What the task asks -
Exactly and only the lines below from the one containing "home ...back home" down to the one containing "明治三十六年二月重罪刑事登記、紙數表紙ヲ除キ七枚、台北地方法院新竹出張所" are wanted, both included; please exclude every picture.

Data to use -
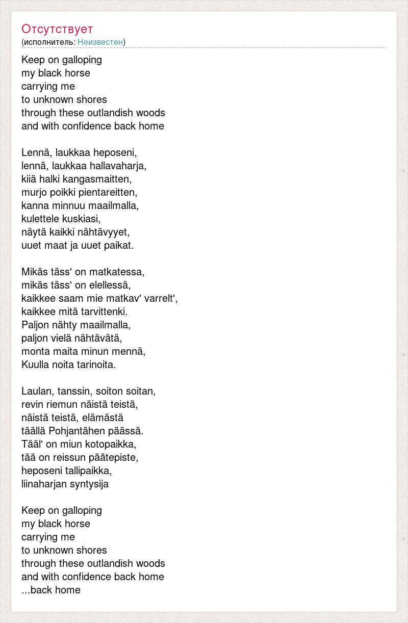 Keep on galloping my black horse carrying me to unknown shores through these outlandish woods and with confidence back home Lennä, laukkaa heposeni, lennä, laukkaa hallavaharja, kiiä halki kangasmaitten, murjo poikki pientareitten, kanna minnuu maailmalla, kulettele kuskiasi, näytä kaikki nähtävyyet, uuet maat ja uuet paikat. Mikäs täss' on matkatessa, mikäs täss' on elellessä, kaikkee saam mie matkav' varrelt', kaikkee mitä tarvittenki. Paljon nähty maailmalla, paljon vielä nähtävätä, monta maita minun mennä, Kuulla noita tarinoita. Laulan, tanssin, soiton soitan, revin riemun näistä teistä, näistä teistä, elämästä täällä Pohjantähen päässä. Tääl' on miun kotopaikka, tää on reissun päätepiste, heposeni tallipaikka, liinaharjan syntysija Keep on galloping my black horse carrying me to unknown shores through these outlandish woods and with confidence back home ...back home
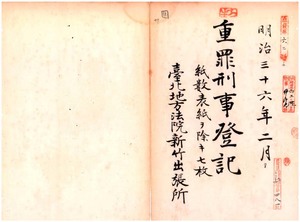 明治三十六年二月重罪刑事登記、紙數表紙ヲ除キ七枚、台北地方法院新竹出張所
--
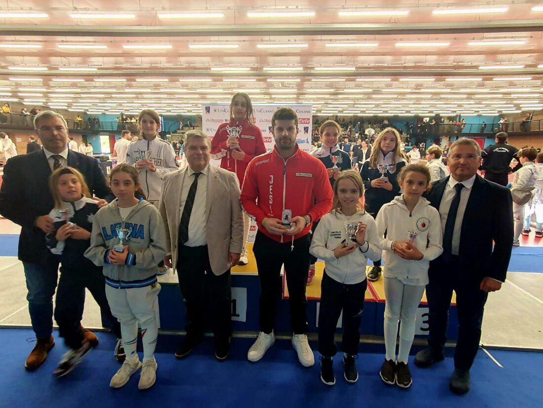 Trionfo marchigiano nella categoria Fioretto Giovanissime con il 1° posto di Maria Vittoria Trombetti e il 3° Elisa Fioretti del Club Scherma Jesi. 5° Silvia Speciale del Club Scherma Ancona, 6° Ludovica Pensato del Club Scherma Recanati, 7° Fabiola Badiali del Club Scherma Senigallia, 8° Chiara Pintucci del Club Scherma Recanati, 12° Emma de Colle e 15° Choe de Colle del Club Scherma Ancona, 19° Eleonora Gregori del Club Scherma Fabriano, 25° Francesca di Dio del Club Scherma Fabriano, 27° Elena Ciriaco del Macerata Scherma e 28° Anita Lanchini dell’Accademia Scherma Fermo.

Solution for this task -
 Keep on galloping my black horse carrying me to unknown shores through these outlandish woods and with confidence back home Lennä, laukkaa heposeni, lennä, laukkaa hallavaharja, kiiä halki kangasmaitten, murjo poikki pientareitten, kanna minnuu maailmalla, kulettele kuskiasi, näytä kaikki nähtävyyet, uuet maat ja uuet paikat. Mikäs täss' on matkatessa, mikäs täss' on elellessä, kaikkee saam mie matkav' varrelt', kaikkee mitä tarvittenki. Paljon nähty maailmalla, paljon vielä nähtävätä, monta maita minun mennä, Kuulla noita tarinoita. Laulan, tanssin, soiton soitan, revin riemun näistä teistä, näistä teistä, elämästä täällä Pohjantähen päässä. Tääl' on miun kotopaikka, tää on reissun päätepiste, heposeni tallipaikka, liinaharjan syntysija Keep on galloping my black horse carrying me to unknown shores through these outlandish woods and with confidence back home ...back home
 明治三十六年二月重罪刑事登記、紙數表紙ヲ除キ七枚、台北地方法院新竹出張所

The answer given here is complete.